[Stored items]
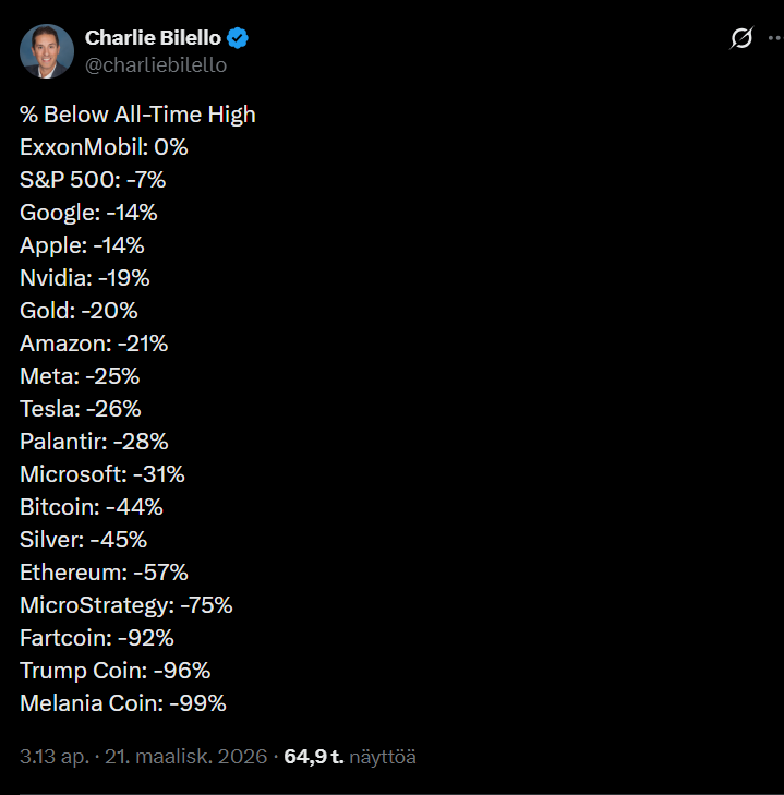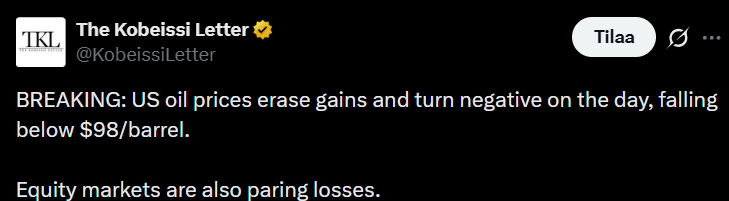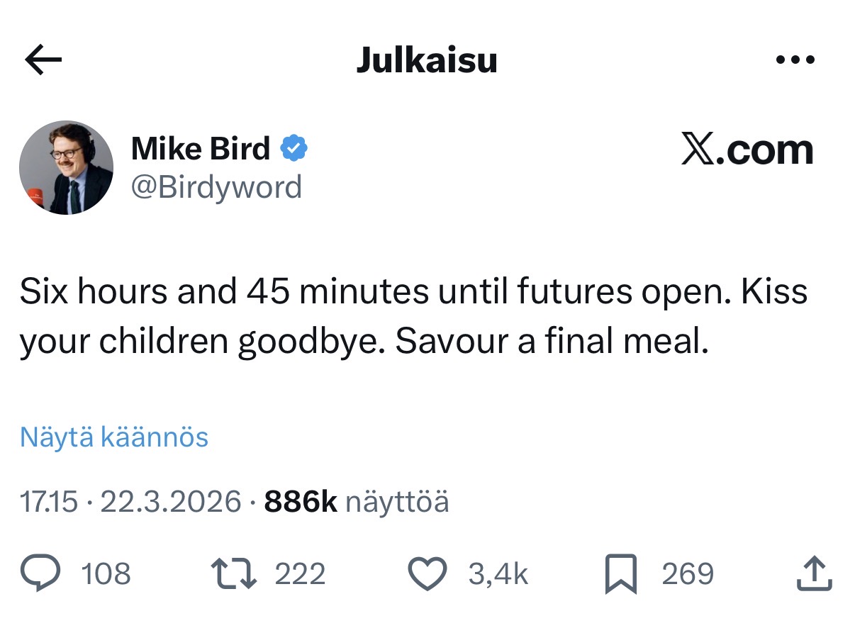 YLE: # Jos Trump ei peru uhkaustaan, ”edessä on musta maanantai”, ennustaa markkina-analyytikko 22.3.2026.
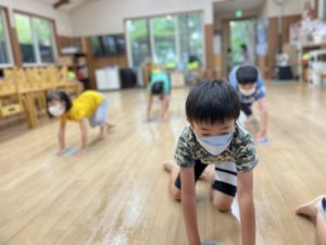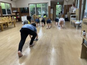 張り切って雑巾がけをしています!
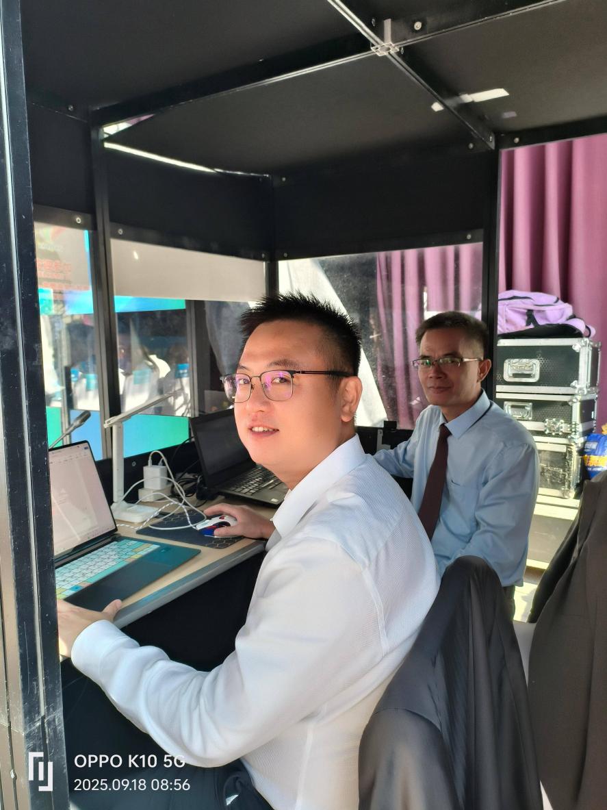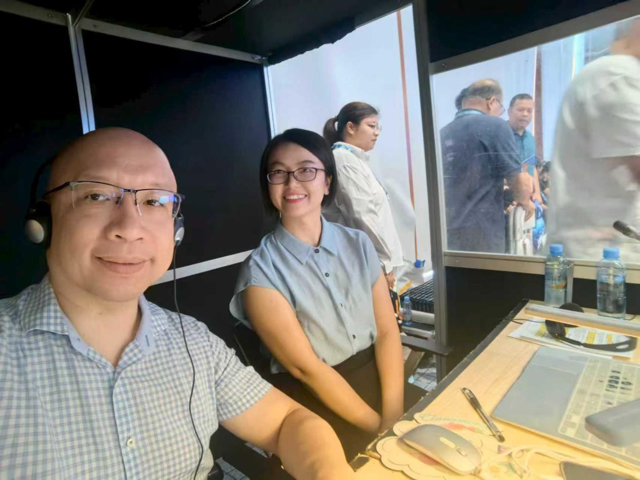 2025年9月17日翻译系林秋明老师(右一)与公司MTI口译2014届毕业生曲涛(左一)为2025广西国际友城推介交流活动提供同声传译服务。
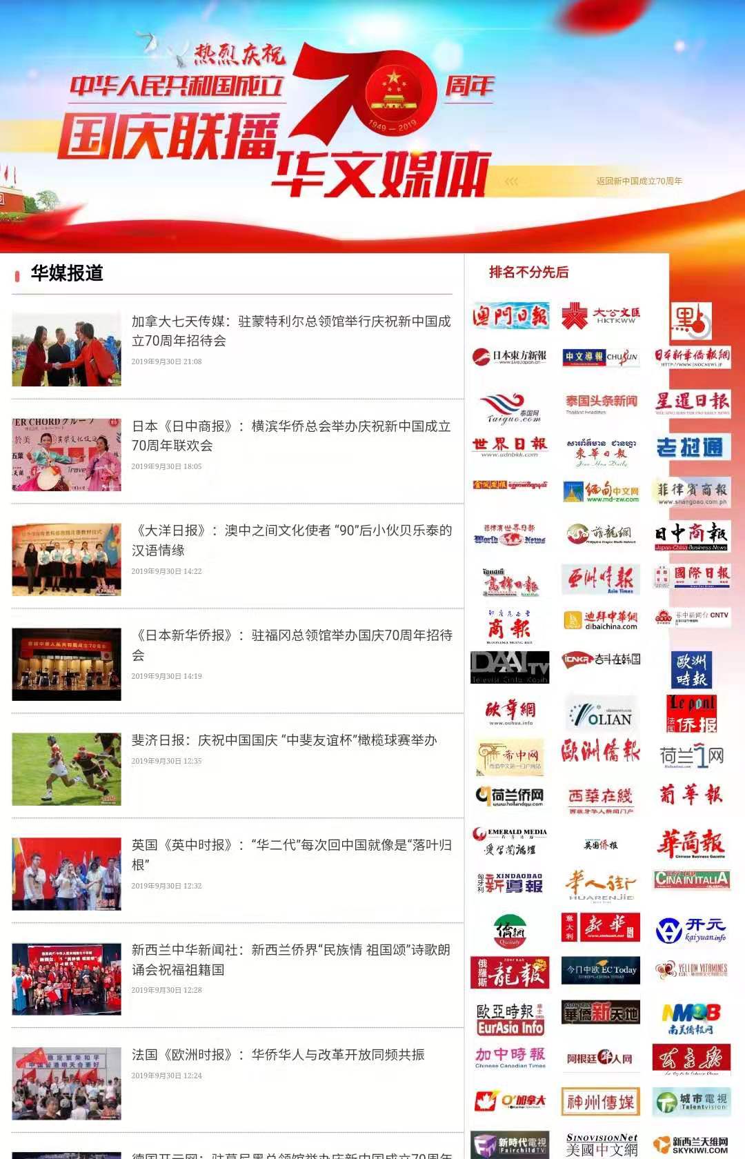 华人社区活动精选时事 【看国庆】比利时“维他命B”联手全球百家华文新媒体超长网络大联播 30 9 月, 2019 70年砥砺奋进,70年波澜壮阔。为了向全球华侨华人充分展示庆祝活动盛况,中新网联合全球百家华文新媒体进行24小时实时直播报道, 24小时滚动直播的专题页面正式上线啦! 比利时首家华文新媒体 维他命B(隶属维他命文化传煤)携手全球同行借中国新闻社的强大平台发布最新的庆祝消息,敬请关注! 全球华文新媒体24小时联播直播:点击图片直接进入页面
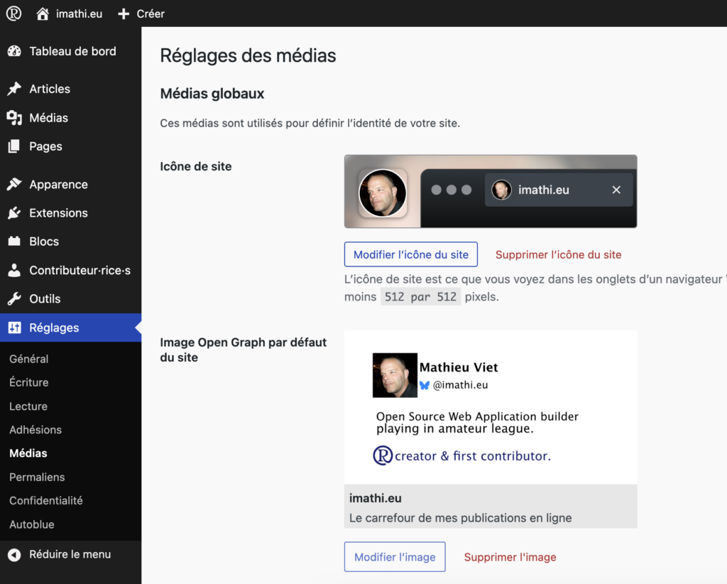 Le nouvel Ă©cran propose un mĂ©canisme clair et moderne pour dĂ©finir lâimage Open Graph par dĂ©faut du site. Cela permet dâĂ©viter les comportements implicites ou les solutions dĂ©tournĂ©es.
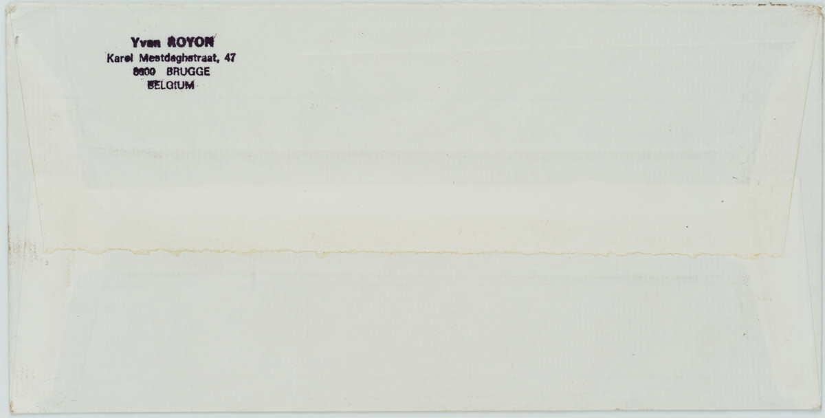 - Description: Without inscription, with address stamp on the reverse. View of a village with a church tower on the horizon. In the foreground cultivated fields, the sky is cloudy. Scenery that integrates an attentive observer from a distance into the depiction. Yvan ROYON (*1938) is a painter, draughtsman, watercolourist and etcher. He lives and works in Bruges, Belgium. His works are captivating both as miniatures and in larger format and bear witness to his attentive study of architecture, the urban landscape and nature.
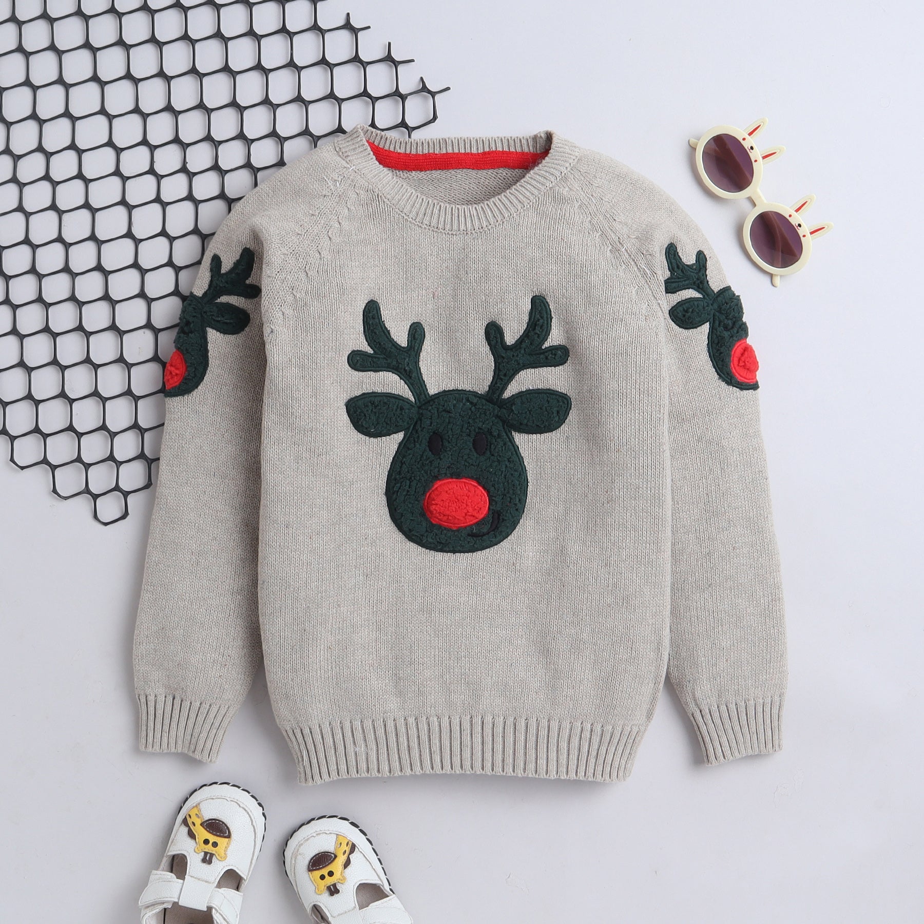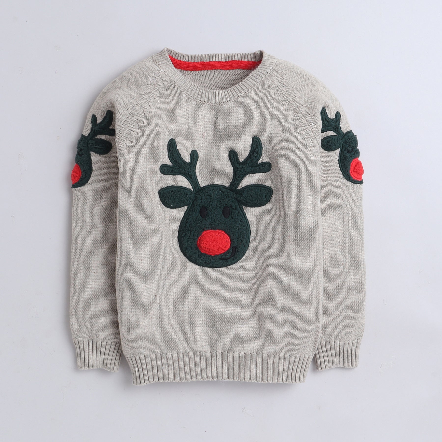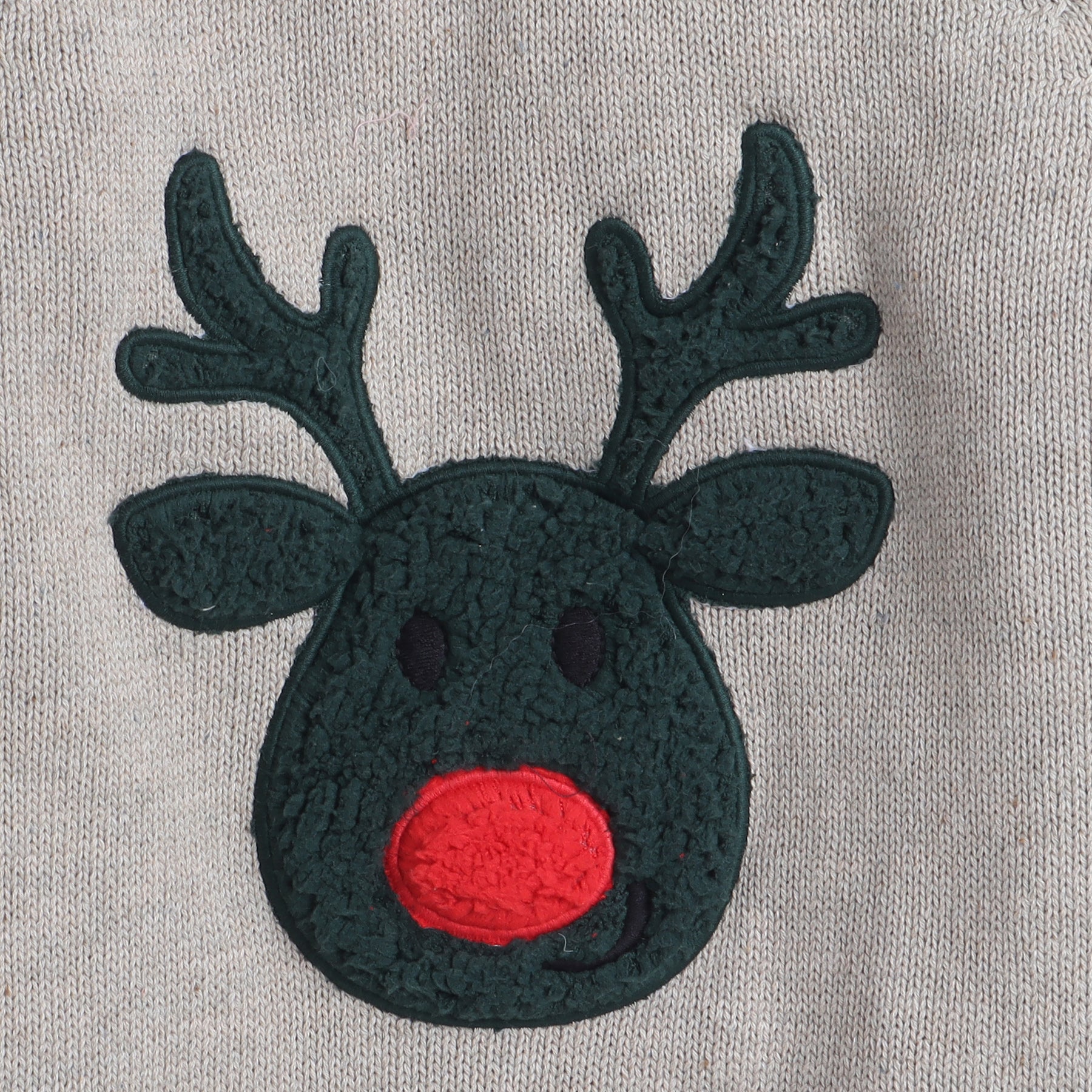 🦌 Adorable Reindeer Design – Features a charming reindeer face with 3D antlers and a bright red nose on the front and sleeves.

» The task: Reproduce only the lines from the line with "Le nouvel Ă©cran" to the end of the entries. Keep both ends, copy them exactly, and omit every picture.

» Solution:
 Le nouvel Ă©cran propose un mĂ©canisme clair et moderne pour dĂ©finir lâimage Open Graph par dĂ©faut du site. Cela permet dâĂ©viter les comportements implicites ou les solutions dĂ©tournĂ©es.
 - Description: Without inscription, with address stamp on the reverse. View of a village with a church tower on the horizon. In the foreground cultivated fields, the sky is cloudy. Scenery that integrates an attentive observer from a distance into the depiction. Yvan ROYON (*1938) is a painter, draughtsman, watercolourist and etcher. He lives and works in Bruges, Belgium. His works are captivating both as miniatures and in larger format and bear witness to his attentive study of architecture, the urban landscape and nature.
 🦌 Adorable Reindeer Design – Features a charming reindeer face with 3D antlers and a bright red nose on the front and sleeves.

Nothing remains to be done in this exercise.